Source: theguardian.com
ghislaine maxwell pitches trump the world's grossest plea deal

America’s worst LinkedIn profile photo: two people who knew everybody and remember nothing.
Ghislaine Maxwell beamed into the House Oversight Committee, said absolutely nothing, and then had her lawyer announce she’s ready to “speak fully and honestly” — just as soon as Donald Trump hands her a get-out-of-prison-(more)-free card. The message couldn’t be clearer: presidential clemency is now being treated like a premium subscription tier for access to the truth about Jeffrey Epstein.
Her attorney helpfully pre-cleared both Trump and Bill Clinton as innocent of any wrongdoing, promising that only Maxwell can explain why, once she’s been liberated by the very guy who “hasn’t thought about” pardoning her, except for when he publicly refuses to rule it out. Meanwhile, she keeps her mouth shut under the Fifth, sits in a cushier Texas prison camp, and dangles potential testimony over Congress like a paywalled confession.
Republicans like James Comer are suddenly against clemency, Democrats like Ro Khanna are flirting with retaliatory harsher confinement, and Maxwell’s lawyer is accusing Congress of authoritarianism for wanting consequences.
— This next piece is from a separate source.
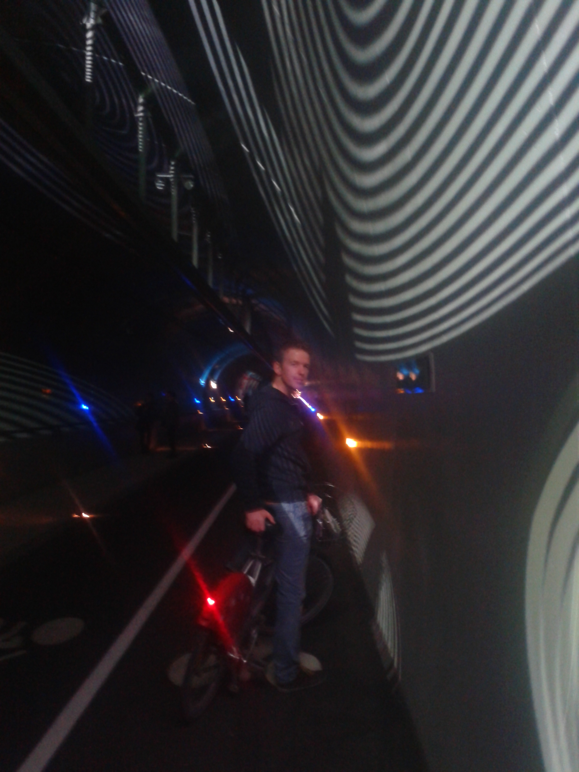 Once you ride inside Le Tube you are treated to a long series of lights and animation, layered with soothing tunes that make you want to roll along slowly. Not the place for Lactic Threshold intervals, I’d suggest.

So the authoritarian card is now being played by the legal team of a convicted sex trafficker trying to bargain for a Trump pardon. American justice has entered the DLC phase, and the price of the expansion pack is presidential corruption.
Source: nbcnews.com
trump furious that america briefly includes puerto rico

Bad Bunny, apparently committing the unforgivable crime of singing in Spanish at an American event held in an American territory that America keeps forgetting it owns.
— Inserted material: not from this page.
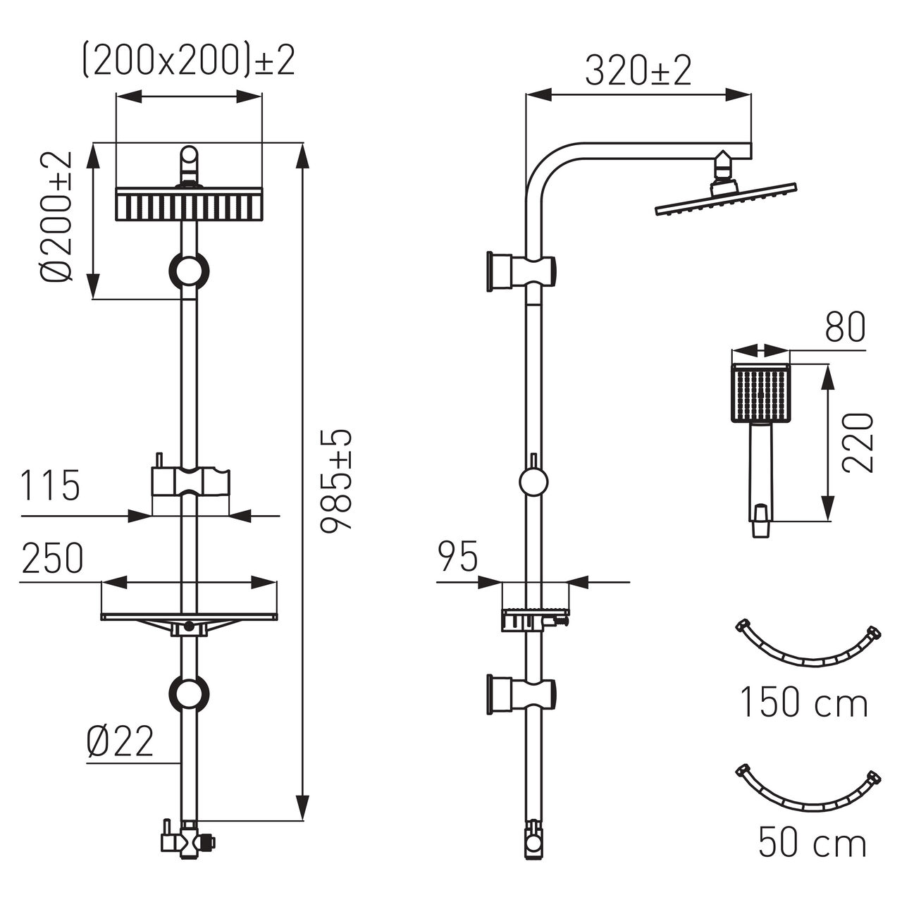 - Înălțime bară cap duș fix: 985 mm

Trump, who couldn’t be bothered to attend the game but never misses a chance to rage-post, declared the performance "absolutely terrible, one of the worst, EVER!" on Truth Social and called it "an affront to the Greatness of America" because, as he helpfully noted, "nobody understands a word this guy is saying." Translation: if it’s not in English and it reminds people that Puerto Ricans are U.S. citizens his administration left hanging after Hurricane Maria, it’s basically treason.
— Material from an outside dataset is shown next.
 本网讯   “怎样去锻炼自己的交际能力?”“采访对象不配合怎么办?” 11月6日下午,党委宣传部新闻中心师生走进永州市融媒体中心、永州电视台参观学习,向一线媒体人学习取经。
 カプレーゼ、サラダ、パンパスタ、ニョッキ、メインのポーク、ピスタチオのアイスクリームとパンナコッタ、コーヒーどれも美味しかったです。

While Bad Bunny climbed an electricity pylon to symbolically honor those who died when Puerto Rico’s infrastructure collapsed after the storm — the same disaster where Trump was criticized for treating relief like a low-priority PR chore — MAGA world hosted an "All-American Halftime Show" headlined by Kid Rock and organized by Turning Point USA. Nothing says "serious country" like a parallel halftime reality where the culture war never ends and the power never goes out in the places you actually care about.
Bad Bunny didn’t even explicitly attack Trump; he just centered Puerto Rico, memory, and shared humanity. That alone was enough to trigger the guy who once tossed paper towels at hurricane survivors and now insists a Spanish-language performance is an insult to America. The show said, we are America. Trump’s response said, clearly, that’s still the problem.